Here's an example of loading data from a SQL database:

import sqlalchemy as sa
from typing import Type
import pydantic

from toktagger.api.core.data_loaders import DataLoader, LoaderRegistry
from toktagger.api.schemas.data import MultiVariateTimeSeriesData, TimeSeriesData
from toktagger.api.schemas.samples import ShotData


@LoaderRegistry.register("sql_database")
class SQLDatabaseLoader(DataLoader):
    """DataLoader for retrieving data from a SQL database"""
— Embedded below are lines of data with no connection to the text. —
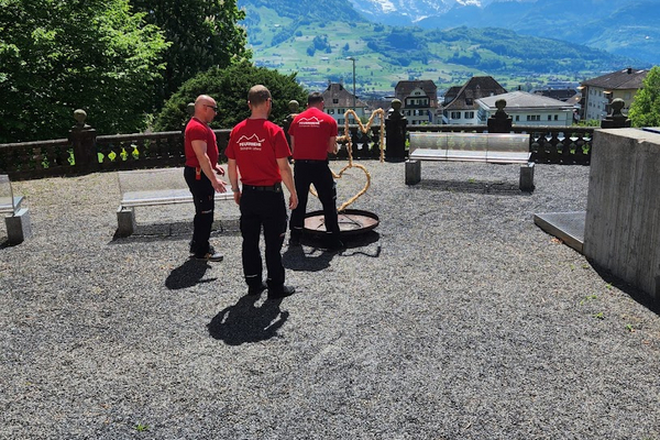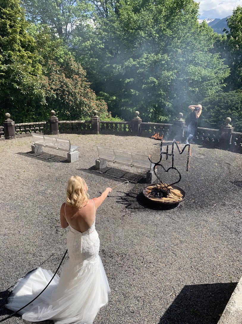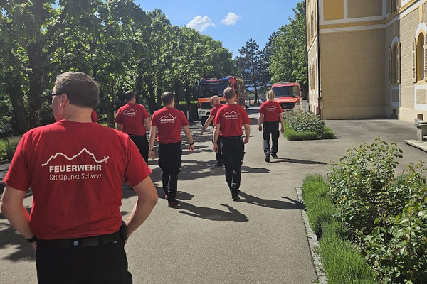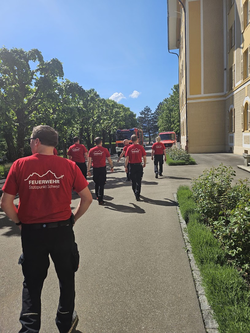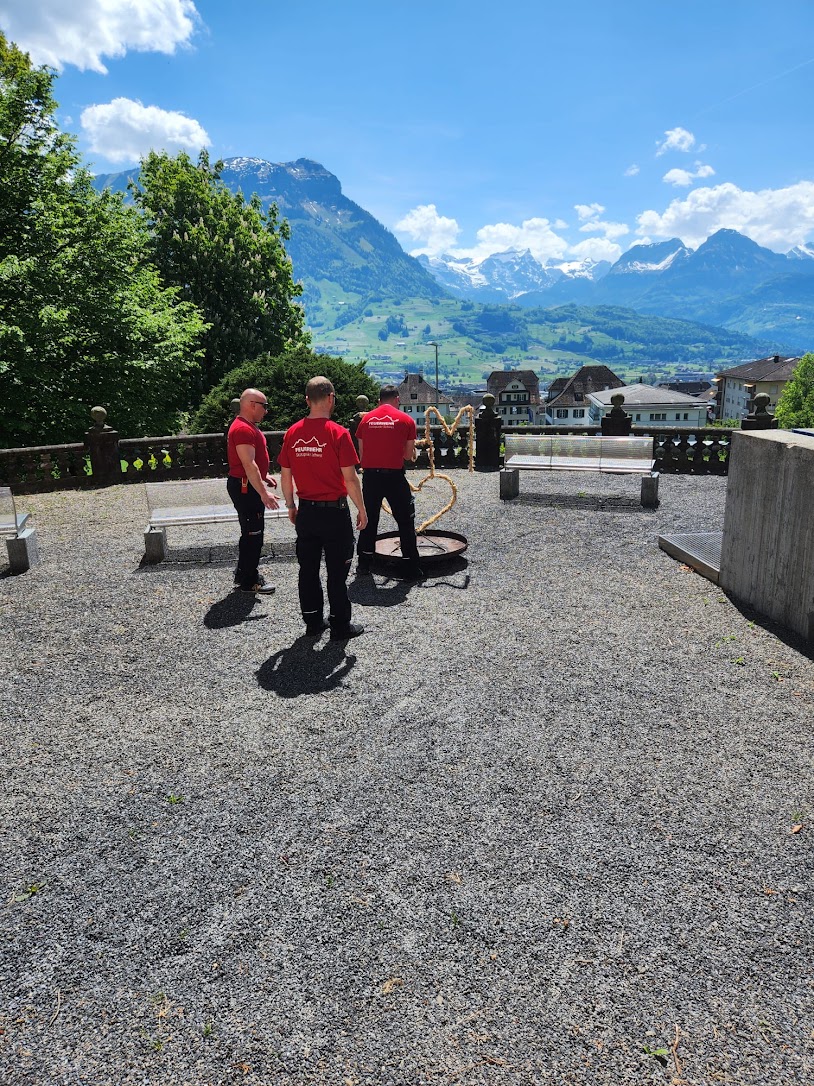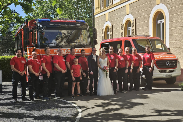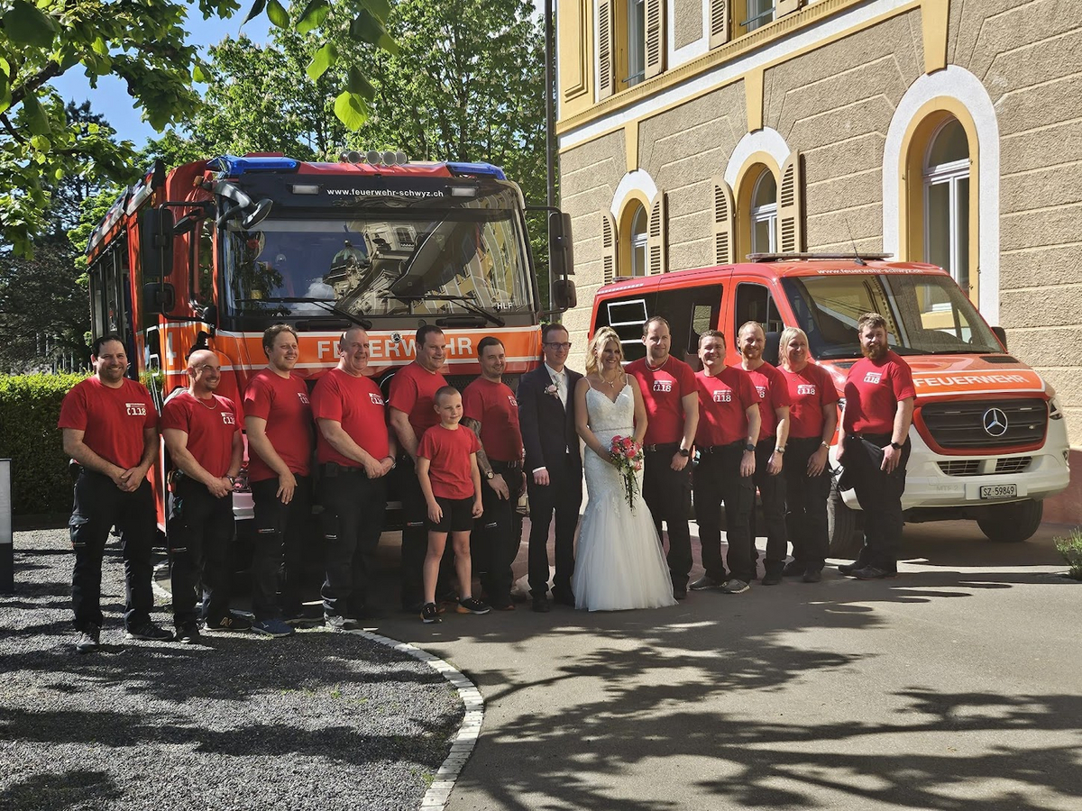Extra für diesen Freudentag wurde ein brennendes Herz für das Hochzeitspaar geschmiedet. Mit diesem Symbol der Liebe, begleitet mit den Martinshörnern vom HLF und MTF2, sowie mit dem traditionellen Schlauchring, wurde Michael und seine Jasmin bei der Kirche im Kollegium in Schwyz überrascht.
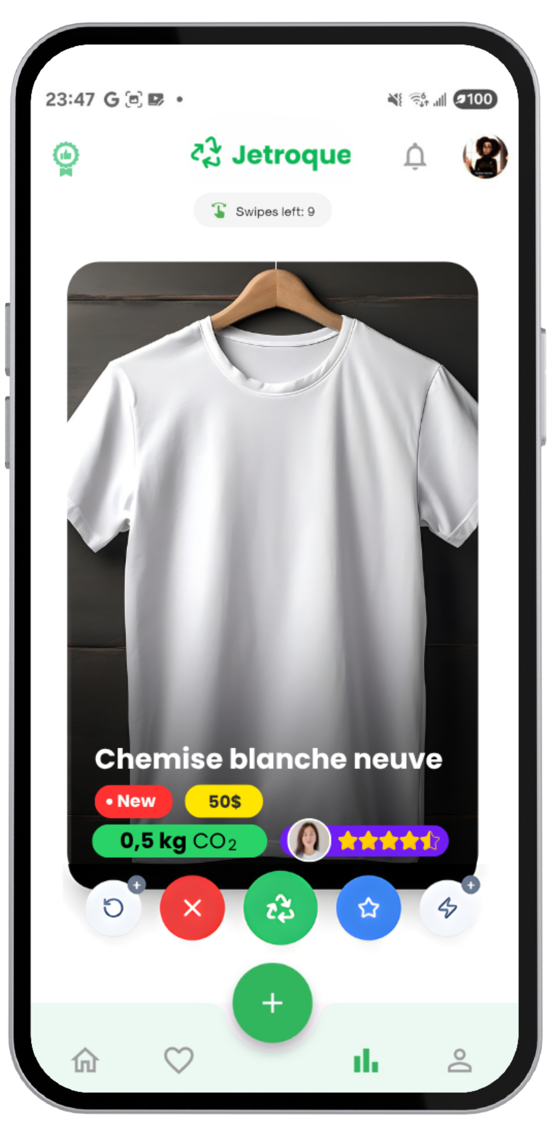 Jetroque combine IA, traçabilité blockchain et moteur de matching intelligent pour simplifier le troc, réduire les déchets et mesurer l’impact écologique en temps réel.
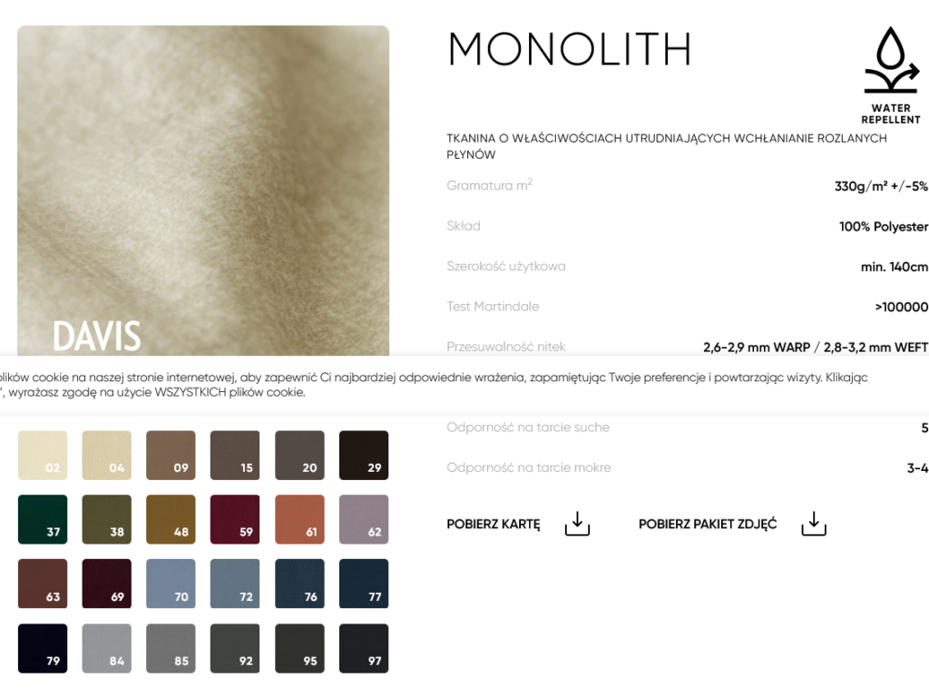 Narożnik wykonany jest w wysoko gatunkowej tkaninie Monolith.Dostępny do wyboru jest pełny wzornik kolorystyczny tej tkaniny.
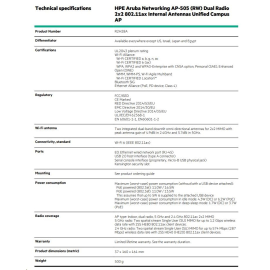 Technical specifications HPE Aruba Networking AP-505 (RW) Dual Radio 2x2 802.11ax Internal Antennas Unified Campus AP Product Number R2H28A Differentiator Available everywhere except US, Israel, Japan and Egypt Certifications UL2043 plenum rating Wi-Fi Alliance: Wi-Fi CERTIFIED a, b, g, n, ac Wi-Fi CERTIFIED 6 (ax) WPA, WPA2 and WPA3-Enterprise with CNSA option, Personal (SAE), Enhanced Open (OWE) WMM, WMM-PS, W-Fi Agile Multiband Wi-Fi CERTIFIED Location™ Bluetooth SIG Ethernet Alliance (PoE, PD device, Class 4) Regulatory FCC/ISED CE Marked RED Directive 2014/53/EU EMC Directive 2014/30/EU Low Voltage Directive 2014/35/EU UL/IEC/EN 62368-1 EN 60601-1-1, EN60601-1-2 Wi-Fi antenna Two integrated dual-band downtilt omni-directional antennas for 2x2 MIMO with peak antenna gain of 4.9dBi in 2.4GHz and 5.7dBi in 5GHz. Connectivity, standard Wi-Fi 6 (IEEE 802.11ax) Ports E0: Ethernet wired network port (RJ-45) USB 2.0 host interface (type A connector) Serial console interface (proprietary, micro-B USB physical jack) Kensington security slot. Mounting See product ordering guide Power consumption Maximum (worst-case) power consumption (without/with a USB device attached): PoE powered (802.3at): 11.0W / 16.5W PoE powered (802.3af): 11.0W / 13.5W This assumes that up to 5W is supplied to the attached USB device Maximum (worst-case) power consumption in idle mode: 4.3W (DC) or 6.2W (PoE) Maximum (worst-case) power consumption in deep-sleep mode: 1.7W (DC) or 3.7W (PoE) Radio coverage AP type: Indoor, dual radio, 5 GHz and 2.4 GHz 802.11ax 2x2 MIMO 5 GHz radio: Two spatial stream Single User (SU) MIMO for up to 1.2 Gbps wireless data rate with 2SS HE80 802.11ax client devices. 2.4 GHz radio: Two spatial stream Single User (SU) MIMO for up to 574 Mbps (287 Mbps) wireless data rate with 2SS HE40 (HE20) 802.11ax client devices. Warranty Limited lifetime warranty. See the warranty duration. Product dimensions (metric) 37 x 160 x 161 mm Weight 500 g
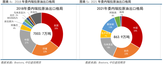 制裁前(2018年)委内瑞拉原油出口国数量众多,前三国分别为美国(35%)、印度(22%)和中国(21%),而制裁后(2021年)中国跃升至第一位置,原油出口量占比34%,此后出口国依次为古巴(23%)、马拉西亚(18%)、新加坡(13%)、圣卢西亚(7%)、阿联酋(4%)和越南(1%),出口国家数量降至7国;
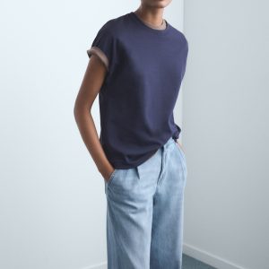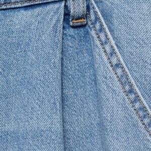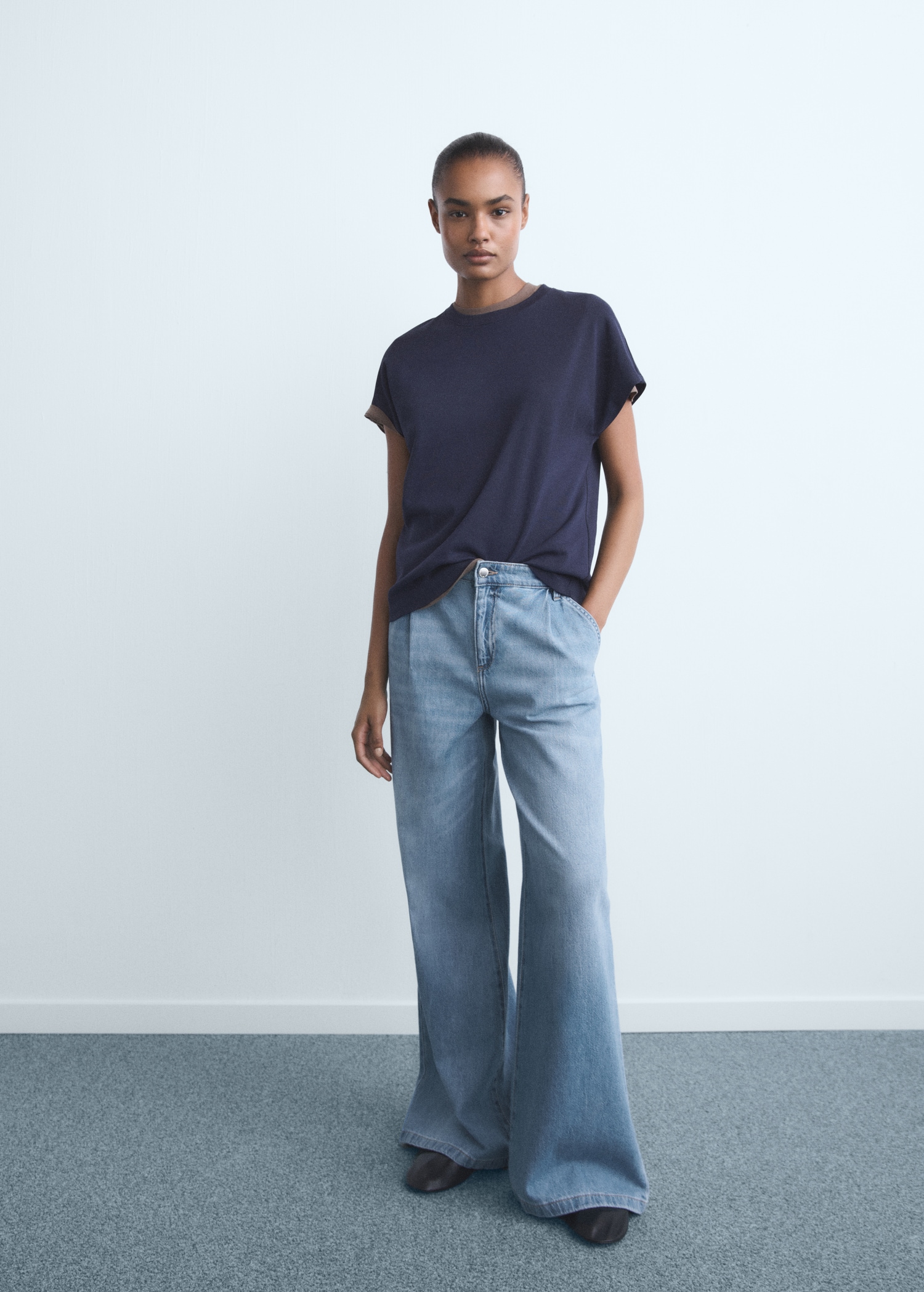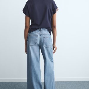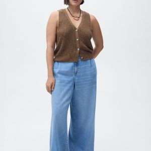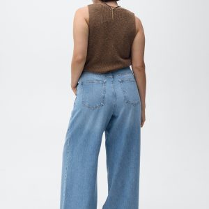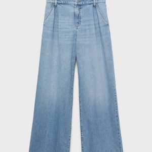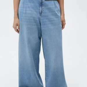 Cotton denim fabric. Long design. Wide-leg design. Mid-rise. Belt loops. Front pleat detail. Jeans with tie closure. Button and zipper closure. Inseam length 81 cm. Available Plus

    def __init__(self, params):
        # Initialize database connection
        # Connection string should be in environment variable
        import os
        connection_string = os.environ.get("DATABASE_URL")
        self.engine = sa.create_engine(connection_string)
        super().__init__(params)

    @classmethod
    def sample_data_type(cls) -> Type[ShotData]:
        return ShotData

    @pydantic.validate_call
    def get_sample(
        self, 
        shot_id: int, 
        sample_data: ShotData
    ) -> MultiVariateTimeSeriesData:
        """Load time series data from database"""
        results = {}

        with self.engine.connect() as conn:
            for signal_name in sample_data.signal_names:
                # Query time series data for this shot and signal
                query = sa.text("""
                    SELECT time, value 
                    FROM timeseries_data 
                    WHERE shot_id = :shot_id AND signal_name = :signal_name
                    ORDER BY time
                """)

                result = conn.execute(
                    query, 
                    {"shot_id": shot_id, "signal_name": signal_name}
                )
                rows = result.fetchall()

                if rows:
                    time = [row[0] for row in rows]
                    values = [row[1] for row in rows]
                    results[signal_name] = TimeSeriesData(time=time, values=values)
                else:
                    results[signal_name] = None

        return MultiVariateTimeSeriesData(values=results)

Using Docker

If you are using the docker compose option to run the server, you can provide a custom script similar to the one above to add your own data loaders. To do this, create a file similar to the one above, but making sure to pass the following arguments into server.run():

server.run(
    host="0.0.0.0",
    port=8002
)

You can then provide the path to your script when running docker compose. For example, say we have the above script in a file called custom_toktagger.py - We simply need to add CUSTOM_SCRIPT=./custom_toktagger.py before the docker compose command!

CUSTOM_SCRIPT=./custom_toktagger.py docker compose --env-file .env.dev -f docker-compose.dev.yml up --build

Tip

Make sure you provide the path to your script, and not a string.

e.g, provide CUSTOM_SCRIPT=./custom_toktagger.py, and not CUSTOM_SCRIPT=custom_toktagger.py.